Berlin looks to make town more handicap accessible

Record-Journal


BERLIN — Town Hall, Berlin Peck-Memorial Library, the senior center and the police station, among other town buildings, do not comply with the Americans with Disabilities Act.

“Some buildings go back to the ’60s and ’70s,” said Jack Healy, the town’s public works director and interim town manager. Healy spoke at a recent Town Council meeting about making the town more ADA-compliant.

Residents voiced their concerns about sections of town not being ADA compliant. Carol Ranieri said she the library and senior center are not easily accessible and need to be improved.

Barbara Gombotz, chairwoman of the Commission for the Aging, echoed Ranieri’s concerns and said an elevator was needed to make the library ADA-compliant.

The Town Council recently agreed to proceed with a $276,619 bid for the elevator. A $125,000 grant was obtained, with $25,619 reallocated for the project on the town side. The rest of the money was raised by the library.

Construction is expected to begin in the fall.

“Even handicap spots now are hard with the incline,” said Helen Malinka, the library director.

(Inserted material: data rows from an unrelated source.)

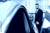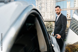 A businessman plugs an electrical connector into his electric car to charge the batteries. Concept of modern cars and eco-friendly charging.
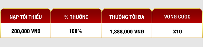 THÀNH VIÊN MỚI THAM GIA NHẬN NGAY 100% THƯỞNG NẠP ĐẦU LÊN ĐẾN 1888K
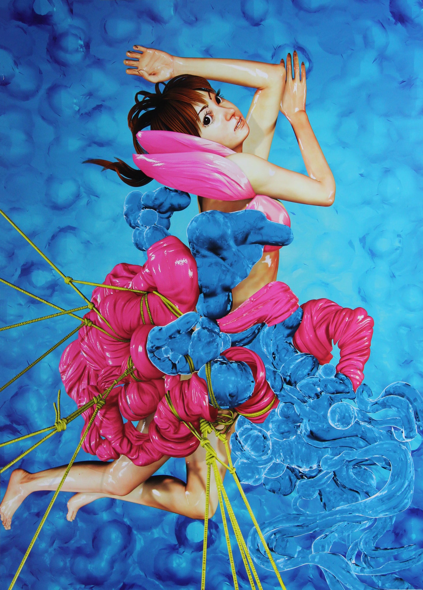 In Alice, Liu Min presents a hyper-realistic and fantastical image of a female figure suspended within a surreal landscape of inflated textures and vibrant color. The composition, striking in its chromatic intensity and anatomical precision, blends pop-surrealist elements with a psychological undercurrent. Rendered in oil on canvas, the painting captures a moment of expressive suspension—ropes tether the central figure as she is wrapped in an amorphous, glistening mass of pink and blue organic forms. The result is an unsettling yet visually mesmerizing scene.
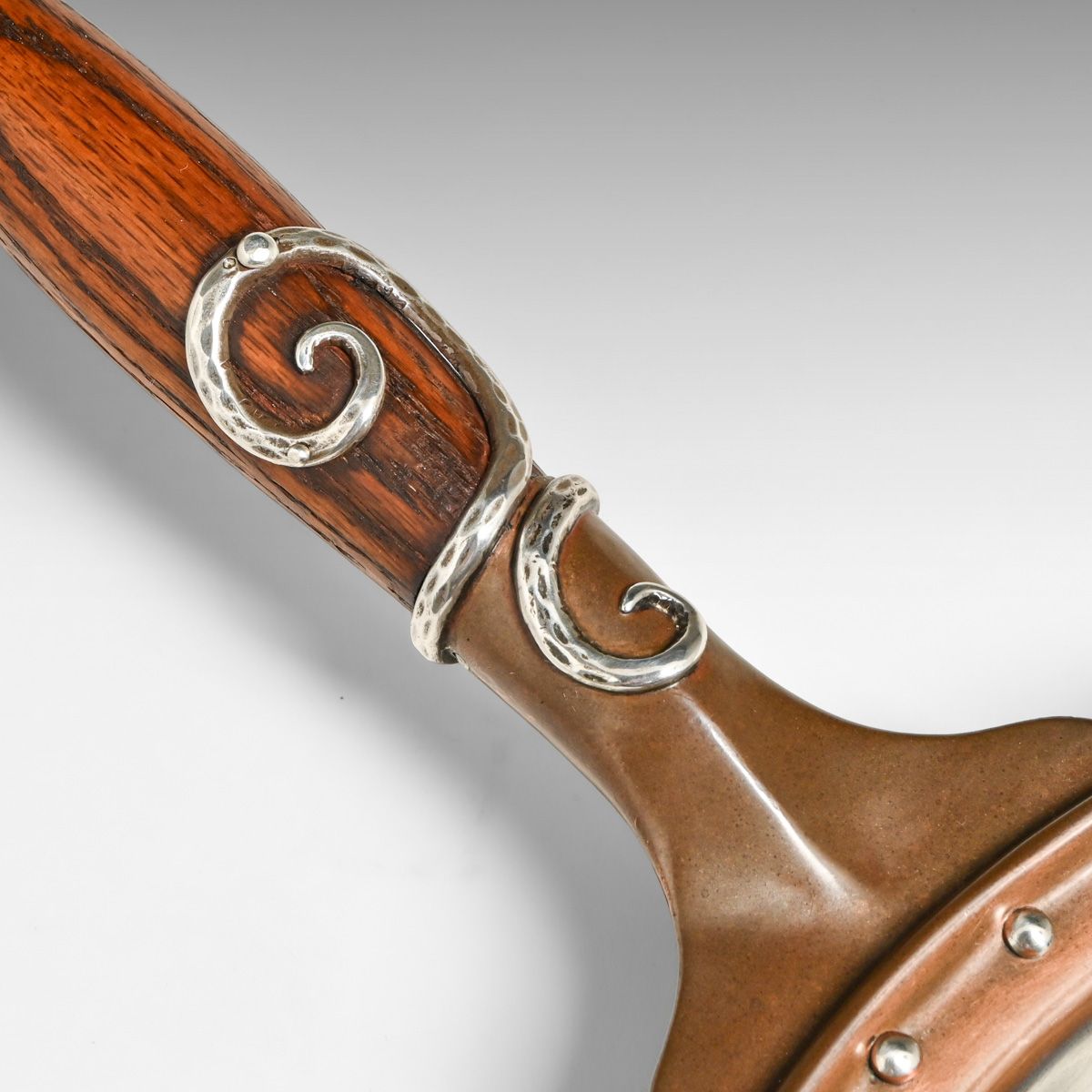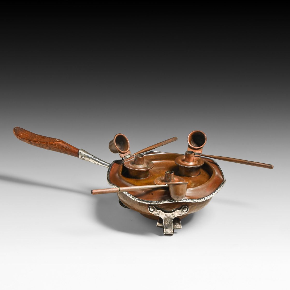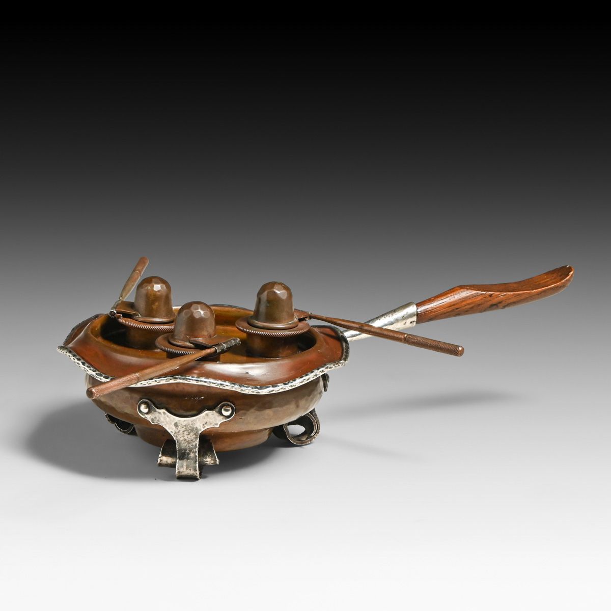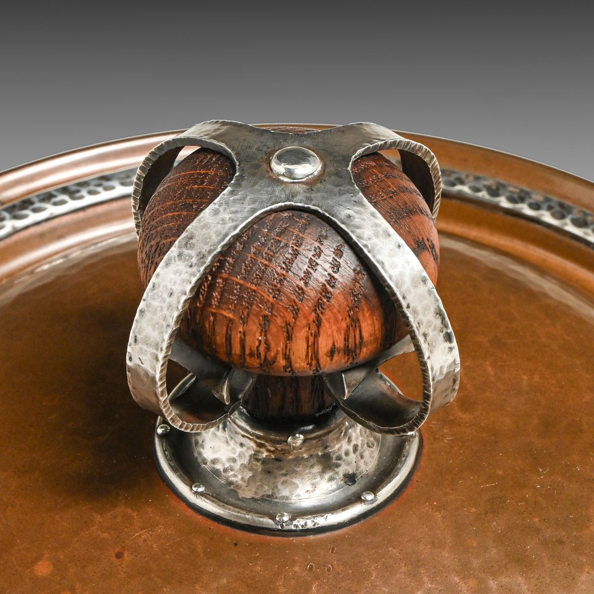 - Joseph Heinrichs Hammered Copper & Silver Cutout Rabbit Chafing Dish c1910

The library and Town Hall are on the top of a hill on Kensington Road. The community center is attached to the library at the bottom of the hill.

Patrons must park in the handicapped spots at the community center and go up the sidewalk. At the library, there is an incline to the entrance from the parking spaces.

The elevator will allow patrons to park at the community center and take the elevator up to the library floor.

Malinka said more parking spots will likely be added once the elevator is installed.

Buildings like Town Hall already have an elevator but are still not easily handicapped-accessible. The police station, all on one level, is lacking a handicapped bathroom.

In order for those with disabilities to access a bathroom, they must go to Town Hall.

“We want to make sure all the laws are enforced,” said Bob Peters, chairman of the Police Commission.

Police have recently been issuing tickets to local businesses that lack handicapped parking. Peters said the department is making sure businesses have parking spots regulated by the law.

“It’s an ADA issue,” he said.

Healy said the police department will work to enforce handicapped parking while the town will improve building accessibility.